#### DATA UNDER STUDY ####

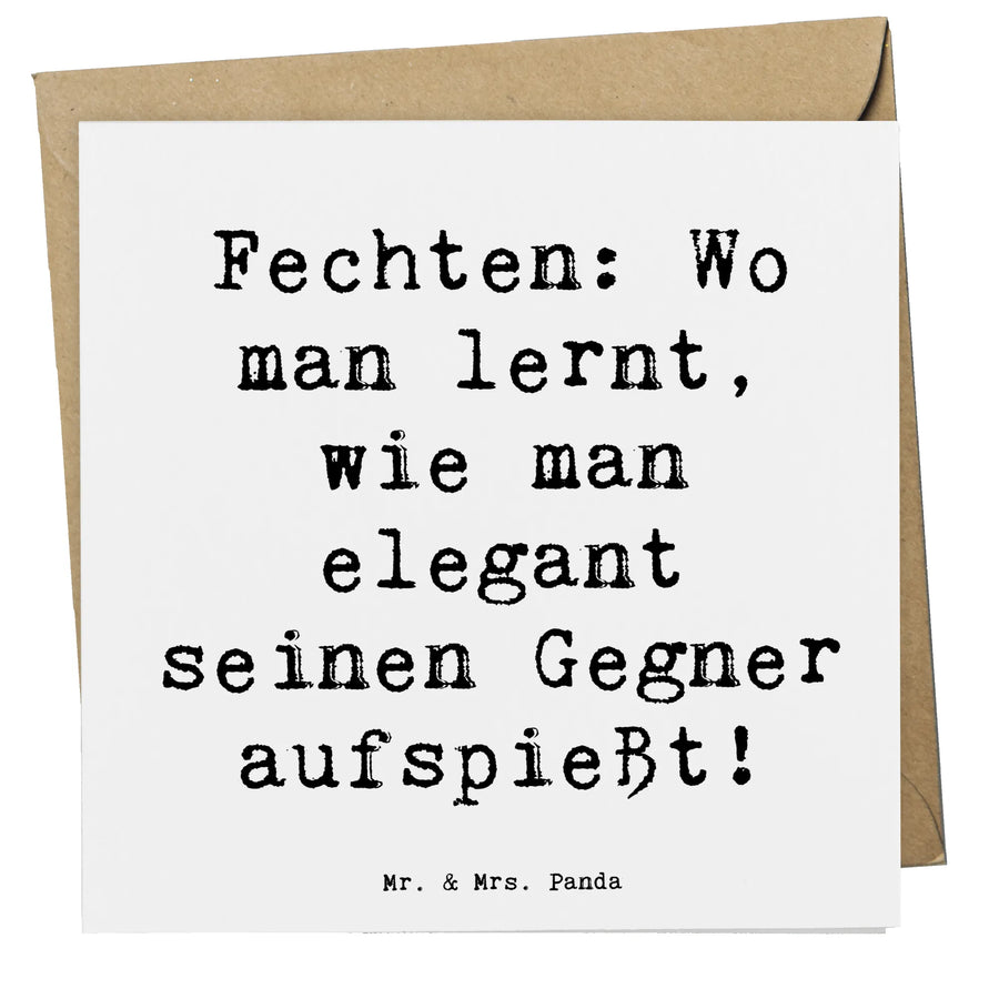 Die Deluxe Karte Fechten von Mr. & Mrs. Panda ist das perfekte Geschenk für alle Sportbegeisterten und Fechtliebhaber! Mit ihrem witzigen Spruch "Fechten: Wo man lernt, wie man elegant seinen Gegner aufspießt!" bringt sie ein Lächeln auf die Gesichter.
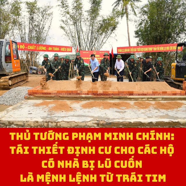 Thủ tướng Chính phủ nhấn mạnh đây là "Chiến dịch" không có tiếng súng, nhưng phải chiến thắng và chiến thắng giòn giã, phải quyết tâm hoàn thành việc sửa chữa, xây dựng lại nhà ở, đem lại niềm vui, hạnh phúc cho nhân dân, nhất là những gia đình không có nhà ở sau bão lũ lịch sử ở miền Trung theo chỉ đạo của Thủ tướng Chính phủ tại Công điện số 234/CĐ-TTg ngày 30/11/2025 và văn bản số 1551/TTg-NN ngày 3/12/2025 (hoàn thành việc sửa chữa nhà ở bị hư hỏng trước ngày 31/12/2025; xây dựng lại, tái định cư cho tất cả các hộ có nhà bị đổ, sập, lũ cuốn trôi trước ngày 31/1/2026). Các cấp ủy đảng, chính quyền, các cơ quan, đoàn thể, các lực lượng chức năng cần xác định đây không chỉ là nhiệm vụ chính trị, trách nhiệm bình thường, mà là mệnh lệnh từ trái tim đến trái tim, là tình cảm đối với nhân dân.
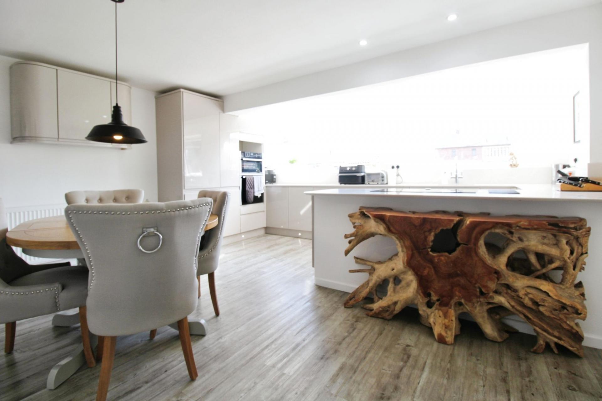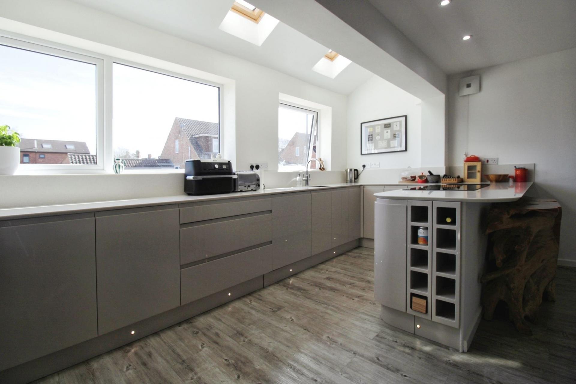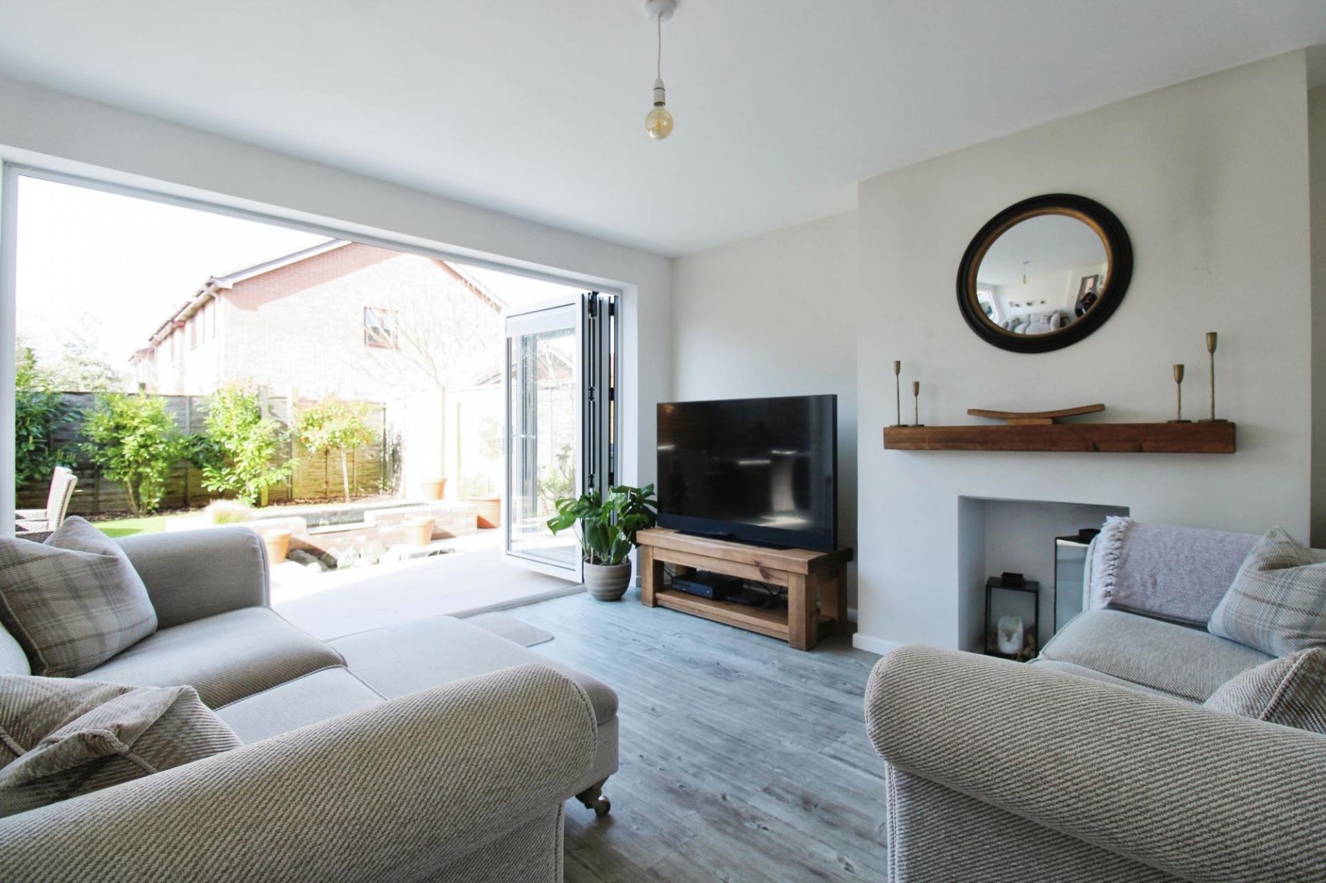 Presented to an exceptional standard, this home is both stylish and low-maintenance. The inviting lounge is bathed in natural light, thanks to expansive 3m bifold doors. A chic feature mirror radiator adds to the contemporary feel, while a non-working fireplace provides a charming focal point.
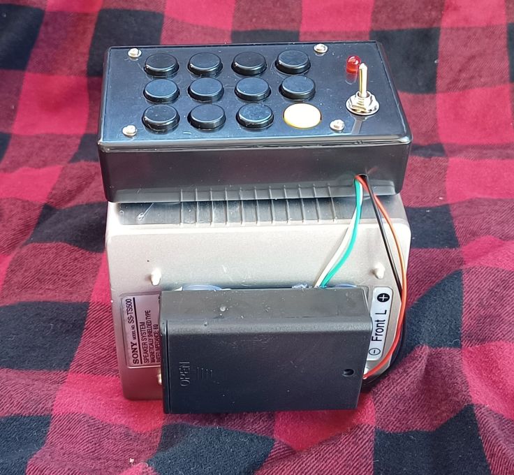 I wanted to build a sound effects machine that played one of 11 files. The components and buttons to be built into a small project box, with the it and a 3 x 1.5 AA battery box mounted on a small speaker.
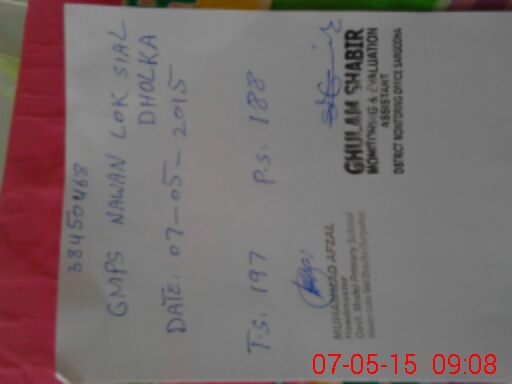 | EMIS Code: 38450468 | Name of School: GMPS NAWAN LOK SIAL DHOLKA | |||
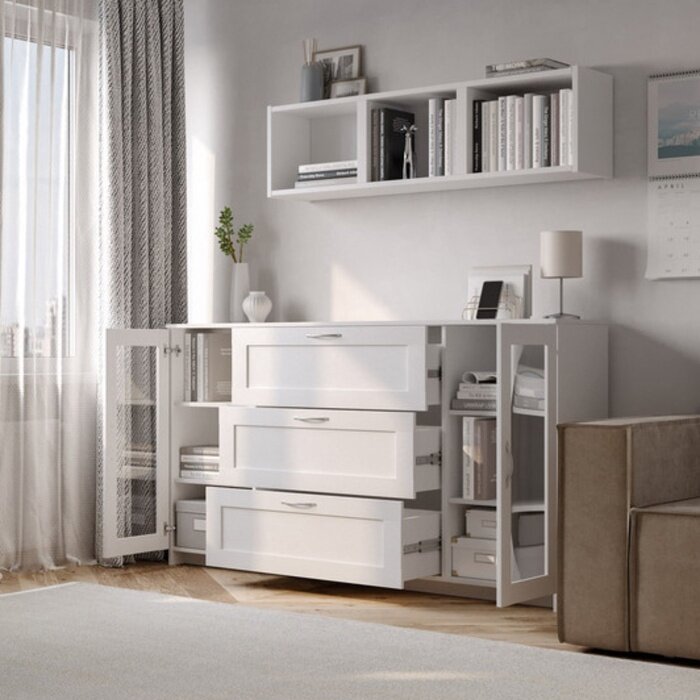 Тумба двухдверная, 156х95 см, с тремя выдвижными ящиками, двери со стеклом, белый
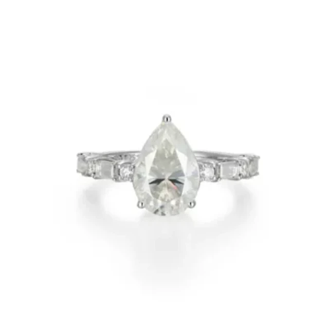 Lab Created Rhodium Plated Sterling Silver Women's Moissanite Enagement Ring
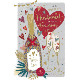 Husband Anniversary - Flute Glasses - with Love - Gold Foiled
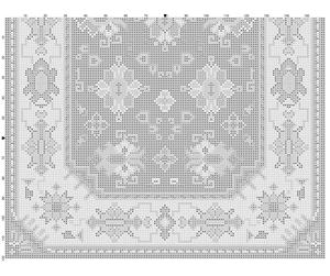 Quarter pattern for a tapestry in seven colors, 160x240 stitches. Handpainted pattern on cream cardboard. German instructions about the thread count to use for kelim and Smyrna work.
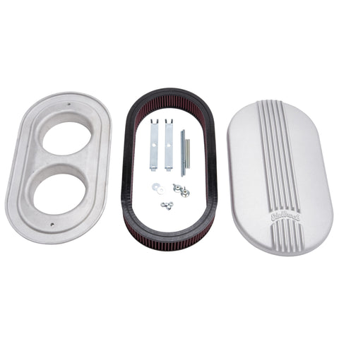 This new line of air cleaner #41199?was created to perfectly match our popular classic aluminum finned valve covers. Three models for single or dual-quads give you plenty of options for that "just right" look on any nostalgia rod or muscle car. Additionally, the small oval air cleaner provides adequate hood clearance in demanding applications as well as a coordinated appearance with the classic finned look. Our classic series air cleaners are available in either a classic polished aluminum or durable black powder coated finish. They come with medical grade, pre-oiled cotton gauze element for excellent filtration. These air cleaners work with all popular 5-1/8" necks, for all carburetors or throttle bodies.

####

■ **WORK INSTRUCTION**: Copy the data precisely. Skip every picture.

■ **RESPONSE**:
 Die Deluxe Karte Fechten von Mr. & Mrs. Panda ist das perfekte Geschenk für alle Sportbegeisterten und Fechtliebhaber! Mit ihrem witzigen Spruch "Fechten: Wo man lernt, wie man elegant seinen Gegner aufspießt!" bringt sie ein Lächeln auf die Gesichter.
 Thủ tướng Chính phủ nhấn mạnh đây là "Chiến dịch" không có tiếng súng, nhưng phải chiến thắng và chiến thắng giòn giã, phải quyết tâm hoàn thành việc sửa chữa, xây dựng lại nhà ở, đem lại niềm vui, hạnh phúc cho nhân dân, nhất là những gia đình không có nhà ở sau bão lũ lịch sử ở miền Trung theo chỉ đạo của Thủ tướng Chính phủ tại Công điện số 234/CĐ-TTg ngày 30/11/2025 và văn bản số 1551/TTg-NN ngày 3/12/2025 (hoàn thành việc sửa chữa nhà ở bị hư hỏng trước ngày 31/12/2025; xây dựng lại, tái định cư cho tất cả các hộ có nhà bị đổ, sập, lũ cuốn trôi trước ngày 31/1/2026). Các cấp ủy đảng, chính quyền, các cơ quan, đoàn thể, các lực lượng chức năng cần xác định đây không chỉ là nhiệm vụ chính trị, trách nhiệm bình thường, mà là mệnh lệnh từ trái tim đến trái tim, là tình cảm đối với nhân dân.
 Presented to an exceptional standard, this home is both stylish and low-maintenance. The inviting lounge is bathed in natural light, thanks to expansive 3m bifold doors. A chic feature mirror radiator adds to the contemporary feel, while a non-working fireplace provides a charming focal point.
 I wanted to build a sound effects machine that played one of 11 files. The components and buttons to be built into a small project box, with the it and a 3 x 1.5 AA battery box mounted on a small speaker.
 | EMIS Code: 38450468 | Name of School: GMPS NAWAN LOK SIAL DHOLKA | |||
 Тумба двухдверная, 156х95 см, с тремя выдвижными ящиками, двери со стеклом, белый
 Lab Created Rhodium Plated Sterling Silver Women's Moissanite Enagement Ring
 Husband Anniversary - Flute Glasses - with Love - Gold Foiled
 Quarter pattern for a tapestry in seven colors, 160x240 stitches. Handpainted pattern on cream cardboard. German instructions about the thread count to use for kelim and Smyrna work.
 This new line of air cleaner #41199?was created to perfectly match our popular classic aluminum finned valve covers. Three models for single or dual-quads give you plenty of options for that "just right" look on any nostalgia rod or muscle car. Additionally, the small oval air cleaner provides adequate hood clearance in demanding applications as well as a coordinated appearance with the classic finned look. Our classic series air cleaners are available in either a classic polished aluminum or durable black powder coated finish. They come with medical grade, pre-oiled cotton gauze element for excellent filtration. These air cleaners work with all popular 5-1/8" necks, for all carburetors or throttle bodies.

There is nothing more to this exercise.